Goal: Enable the model to internalize the judgment of "why an answer is unsafe," rather than just learning "how to refuse."
Key Insight: Being "able to judge" is a stronger prerequisite for being "able to execute." If a model can truly verify whether an answer violates safety specifications, it naturally recognizes which answers should be produced. Thus, the training objective is flipped from "generating safe answers" to "verifying the safety of self-generated answers."

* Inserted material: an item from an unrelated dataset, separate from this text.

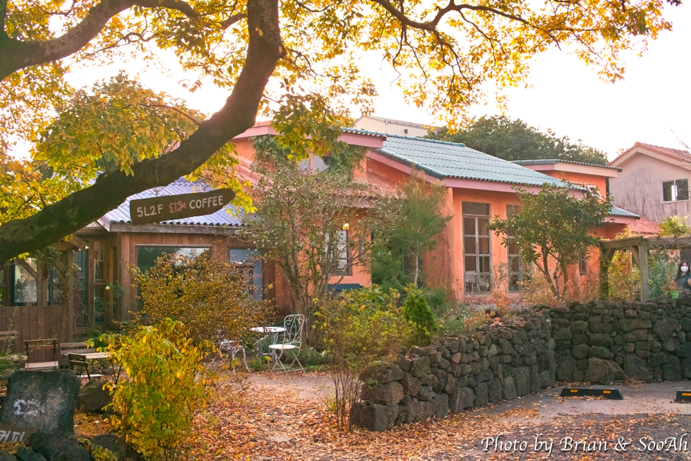 산굼부리에서 약 2시간 정도 걷고 바람도 쐬고 하다 보니 또 카페인이 떨어져서, 제주 공항으로 가는 길에 조천 중산간에 있는 예쁘기로 유명한 '5L2F'라는 카페에 들렀습니다. 나름 산간 어느메의 구비구비 길을 들어갔더니, 밖에서 봤을 때도, '헨젤과 그레텔'의 과자집이 생각날 정도로 아기자기한 카페 건물이 나오더군요.

Core Idea: SFT on LRMs is performed only for verification of their own outputs. The emerging internal safety understanding both suppresses jailbreaks and provides a more stable foundation for subsequent RL.
Method¶
Overall Architecture¶
SInternal consists of two steps: (1) Data Construction: For each safety-related prompt \(\mathbf{x}\), the initial policy \(\pi_\theta\) samples \(N=8\) responses \((\mathbf{z}_k, \mathbf{y}_k)\). Claude-4-Sonnet acts as an expert to evaluate each \(\mathbf{y}_k\) based on safety specs \(\mathcal{S}\), producing verification trajectories \(\mathbf{c}_k = (\mathbf{z}_{{\rm ver},k}, \mathbf{v}_k)\) containing critical reasoning and a binary judgment. (2) SFT Optimization: The objective is to predict \(\mathbf{c}\) given \((\mathcal{S}, \mathbf{x}, \mathbf{y})\). The loss is \(\mathcal{L}_{\rm SInternal} = -\mathbb{E}\log\pi_\theta(\mathbf{c}|\mathcal{S}, \mathbf{x}, \mathbf{y})\). Optionally, GRPO RLVR is applied after SInternal to further align generation behavior.
Key Designs¶
-
Verifying Self-Generated vs. External Answers:
- Function: Uses responses sampled by the model itself (including potentially unsafe ones) as verification targets to align verification capability with the model's actual distribution.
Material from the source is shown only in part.